This article originally appeared on Alma.
When “Green Book” won the Academy Award for best movie on Sunday night, arguably the most coveted prize of the ceremony, “BlacKkKlansman” and “Do The Right Thing” director Spike Lee stormed to the back of the auditorium and kept his back turned for the entire speech. The gesture culminated a great controversy around the movie, which has been sweeping the awards this season despite some heavy consternation.
“Green Book” has been accused of having a white savior complex, whitewashing racism and being inaccurate to the true story it’s based on, among other things. The movie depicts Anthony “Lip” Vallelonga, played by Viggo Mortensen, who is hired to drive around Don Shirley, played by Mahershala Ali (who won a Golden Globe for the role), a virtuoso African-American jazz pianist, as he plays clubs in 1962’s racist and segregated American South.
The film was co-written by Vallenlonga’s son and largely focuses on his perspective — with which Shirley’s family took great issue. The Shirley family claims that they weren’t contacted or interviewed as preparation for the film, and subsequently the film is told only from the perspective of white people. Looking at the team behind the movie, it doesn’t seem like a wild accusation:
https://twitter.com/ira/status/1099885809748996097
And not only that, Shirley’s family has argued that the movie is full of inaccuracies, going as far as calling it a “symphony of lies.” In fact, in their acceptance speech, the filmmakers never even thanked Dr. Shirley.
Yet I think it’s fair to say that some people still don’t understand why this movie riles so many people. But one man, Peter Birkenhead, has found the perfect analogy to explain the controversy to those who still don’t get it.
Imagine, he wrote on Facebook in a post that’s now been shared 1.4K times and counting, if a new movie came out about Anne Frank, but that it was focused on the experience and the bravery of one of her saviors, Miep Geis. That instead of the horror Anne and her family went through, the movie focused on “Geis’s dawning realization that, since Anne is so well mannered and refined and cultured, perhaps not every Jew is a sniveling, greedy, termite secretly planning to destroy civilization.”
Feels wrong, right?
Or imagine, Birkenhead urges, that the movie was filled with inaccuracies and poorly researched. What if the people making this hypothetical Anne Frank movie “never get in touch with any of Anne Frank’s descendants, or even the Anne Frank museum in Amsterdam. They don’t do much research at all.”

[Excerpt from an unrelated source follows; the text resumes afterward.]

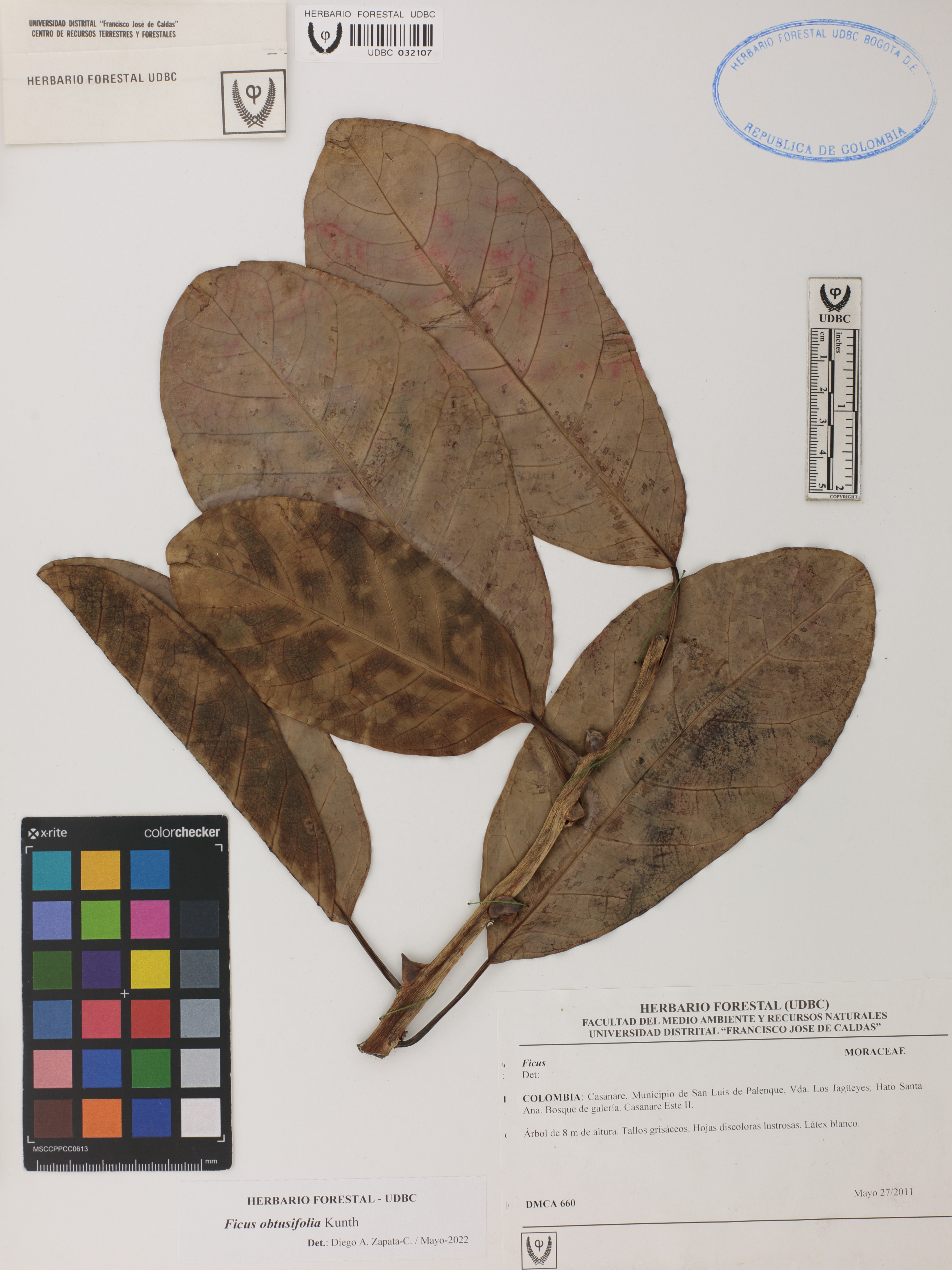 Fotografía del ejemplar SD 660, determinado como Ficus obtusifolia en el año 2022

Birkenhead’s post (which really should be read in full) also reminds us that the reason “Green Book” is drawing so much anger is that it’s not an outlier, but yet another film in a continuum of films, like “Driving Miss Daisy,” which depict the same dynamics and celebrate white saviors, created from the perspective of white people.
Speaking of “Driving Miss Daisy,” if you still need more clarity on that pop culture legacy, consider listening to this episode of the incredible New York Times podcast “The Daily” (hosted by a super talented member of the tribe, Michael Barbaro) that explores the problematic movie.

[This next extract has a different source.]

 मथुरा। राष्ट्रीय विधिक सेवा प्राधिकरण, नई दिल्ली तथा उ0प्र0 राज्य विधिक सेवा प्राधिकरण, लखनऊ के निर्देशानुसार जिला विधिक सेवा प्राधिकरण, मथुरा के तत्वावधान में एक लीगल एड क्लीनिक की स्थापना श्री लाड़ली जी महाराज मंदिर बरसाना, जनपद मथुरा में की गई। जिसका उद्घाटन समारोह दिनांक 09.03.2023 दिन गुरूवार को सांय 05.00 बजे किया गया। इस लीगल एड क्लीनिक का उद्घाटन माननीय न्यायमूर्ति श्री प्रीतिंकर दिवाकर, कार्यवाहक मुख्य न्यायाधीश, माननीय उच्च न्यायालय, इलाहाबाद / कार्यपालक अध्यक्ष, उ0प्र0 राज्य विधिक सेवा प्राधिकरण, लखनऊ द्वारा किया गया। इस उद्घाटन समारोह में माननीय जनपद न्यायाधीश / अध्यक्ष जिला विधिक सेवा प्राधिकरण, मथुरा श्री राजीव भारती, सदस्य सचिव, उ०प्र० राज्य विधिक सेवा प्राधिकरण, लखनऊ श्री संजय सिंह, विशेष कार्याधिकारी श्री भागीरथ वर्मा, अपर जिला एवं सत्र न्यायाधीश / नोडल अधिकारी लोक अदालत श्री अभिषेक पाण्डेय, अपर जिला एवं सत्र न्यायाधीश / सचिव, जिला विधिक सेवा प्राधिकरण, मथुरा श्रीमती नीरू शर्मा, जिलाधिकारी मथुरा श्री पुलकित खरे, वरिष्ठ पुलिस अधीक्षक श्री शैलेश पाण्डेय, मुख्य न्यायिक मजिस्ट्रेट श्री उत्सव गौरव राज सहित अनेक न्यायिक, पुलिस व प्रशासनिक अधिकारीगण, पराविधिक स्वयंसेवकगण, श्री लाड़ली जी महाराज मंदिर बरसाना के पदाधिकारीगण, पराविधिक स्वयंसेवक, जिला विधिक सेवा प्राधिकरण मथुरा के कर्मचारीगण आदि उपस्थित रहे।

You might think that Birkenhead’s comparison and examples are a little exaggerated; they are not. Racism is a scourge that would’ve been overcome if it were simply about white people just meeting people of color and getting along with them. A narrative that applauds a white person for overcoming his personal racism, and that skims and ignores what it means to live with racism every day, is crafted to make white people feel good and comfortable instead of thinking how they may or may not contribute to racism.
You know the saying “some of my best friends are black/Jewish/gay” from someone who then goes ahead and expresses a racist or bigoted belief? It’s entirely possible for white people to work for, or have people of color, work for them, or even have them as friends, and yet still benefit from systemic racism and hold racist beliefs.
One can enjoy “Green Book” — see it as a well-crafted movie with a talented cast. But it’s important to think twice about the good feeling it leaves you with, especially if you are a white person watching the movie. Maybe compliment it afterward with some Spike Lee movies.